我希望将其注册为HTML，以便浏览器将其呈现为图像，而不是显示为文本。

字符串的存储方式是这样的，因为我正在使用一种名为的网络抓取工具BeautifulSoup，它将“扫描”网页并从中获取某些内容，然后以该格式返回字符串。

我已经找到了如何在C＃中而不是在Python中执行此操作。有人可以帮我吗？

有关

在Python中将XML / HTML实体转换为Unicode字符串

python django html-encode

— rksprst
source

118

给定Django用例，对此有两个答案。这是它的django.utils.html.escape功能，以供参考：

def escape(html):
    """Returns the given HTML with ampersands, quotes and carets encoded."""
    return mark_safe(force_unicode(html).replace('&', '&amp;').replace('<', '&l
t;').replace('>', '&gt;').replace('"', '&quot;').replace("'", '&#39;'))

为了解决这个问题，Jake的答案中描述的Cheetah函数应该起作用，但是缺少单引号。此版本包含一个更新的元组，并且替换顺序相反，以避免出现对称问题：

def html_decode(s):
    """
    Returns the ASCII decoded version of the given HTML string. This does
    NOT remove normal HTML tags like <p>.
    """
    htmlCodes = (
            ("'", '&#39;'),
            ('"', '&quot;'),
            ('>', '&gt;'),
            ('<', '&lt;'),
            ('&', '&amp;')
        )
    for code in htmlCodes:
        s = s.replace(code[1], code[0])
    return s

unescaped = html_decode(my_string)

但是，这不是一般的解决方案。仅适用于以编码的字符串django.utils.html.escape。更笼统地说，坚持使用标准库是一个好主意：

# Python 2.x:
import HTMLParser
html_parser = HTMLParser.HTMLParser()
unescaped = html_parser.unescape(my_string)

# Python 3.x:
import html.parser
html_parser = html.parser.HTMLParser()
unescaped = html_parser.unescape(my_string)

# >= Python 3.5:
from html import unescape
unescaped = unescape(my_string)

建议：将未转义的HTML存储在数据库中可能更有意义。如果可能的话，值得一探的是从BeautifulSoup获得未转义的结果，并完全避免此过程。

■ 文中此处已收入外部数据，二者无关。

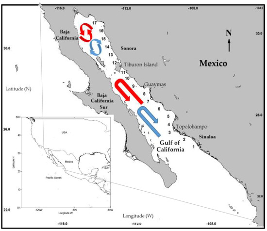 The Gulf of California (GC) is a semi-closed sea situated in the northwest of Mexico; its dimensions are roughly 150–200 km wide and 1100–1400 km long including the entrance zone to the GC with depths varying from about 200 m at the head to 3600 m at the mouth. The general circulation and its seasonal variability result from the forcing of the Pacific Ocean (PO) at its opening (water mass intrusions and tidal motion of low frequency) [5]. The GC is characterised by being a very dynamic sea with tidal currents, seasonal winds, upwelling systems, and high solar radiation; these characteristics determine the strong physical dynamics attributed to mesoscale processes (such as thermocline and surface circulation induced by the wind, gyres, and filaments [6,7]), which develop high productivity levels, nutrient concentrations, and dispersion [8,9].

对于Django，转义仅在模板渲染期间发生；因此，为了防止转义，您只需告诉模板引擎不要转义您的字符串即可。为此，请在模板中使用以下选项之一：

{{ context_var|safe }}
{% autoescape off %}
    {{ context_var }}
{% endautoescape %}

— 丹尼尔·纳布（Daniel Naab）
source

1

为什么不使用Django或Cheetah？

— 垫

4

django.utils.html.escape没有相反的东西吗？

— 垫

12

我认为转义仅发生在Django模板渲染期间。因此，不需要进行转义-您只需要告诉模板引擎不要转义即可。{{context_var | safe}}或{％autoescape off％} {{context_var}} {％endautoescape％}

— Daniel Naab

3

@Daniel：请将您的评论更改为答案，以便我投票！|安全正是我（我敢肯定其他人）正在寻找的答案。

— 韦恩·科特斯

1

html.parser.HTMLParser().unescape()在3.5中已弃用。使用html.unescape()代替。

— pjvandehaar 2015年

114

使用标准库：

HTML转义

try:
    from html import escape  # python 3.x
except ImportError:
    from cgi import escape  # python 2.x

print(escape("<"))

HTML转义

try:
    from html import unescape  # python 3.4+
except ImportError:
    try:
        from html.parser import HTMLParser  # python 3.x (<3.4)
    except ImportError:
        from HTMLParser import HTMLParser  # python 2.x
    unescape = HTMLParser().unescape

print(unescape("&gt;"))

— 张江歌
source

12

我认为这是最直接的“含电池”和正确的答案。我不知道为什么人们会投票赞成Django / Cheetah。

— Daniel Baktiar 2012年

我也这么认为，只是这个答案似乎并不完整。HTMLParser被子类的需求，叫他做什么与它送入，然后输送到解析对象的任何对象的所有部件，如看到这里。同样，您仍然希望使用name2codepointdict将每个html标识转换为它表示的实际char。

— Marconius

你是对的。该unsubclassed HTMLParser不能工作，因为我们想，如果我们把一个HTML实体进去。也许我应该重命名htmlparser为_htmlparser以隐藏它，并且只将unescape方法公开为类似于辅助函数。

— 姜格张

3

注释2015年，HTMLParser.unescape在py 3.4中已弃用，在3.5中已删除。使用from html import unescape代替

— Karolis Ryselis

2

请注意，这不能处理特殊字符，例如德国Umlauts（“Ü”）

— 576i 2015年

80

对于html编码，标准库中有cgi.escape：

>> help(cgi.escape)
cgi.escape = escape(s, quote=None)
    Replace special characters "&", "<" and ">" to HTML-safe sequences.
    If the optional flag quote is true, the quotation mark character (")
    is also translated.

对于html解码，我使用以下代码：

import re
from htmlentitydefs import name2codepoint
# for some reason, python 2.5.2 doesn't have this one (apostrophe)
name2codepoint['#39'] = 39

def unescape(s):
    "unescape HTML code refs; c.f. http://wiki.python.org/moin/EscapingHtml"
    return re.sub('&(%s);' % '|'.join(name2codepoint),
              lambda m: unichr(name2codepoint[m.group(1)]), s)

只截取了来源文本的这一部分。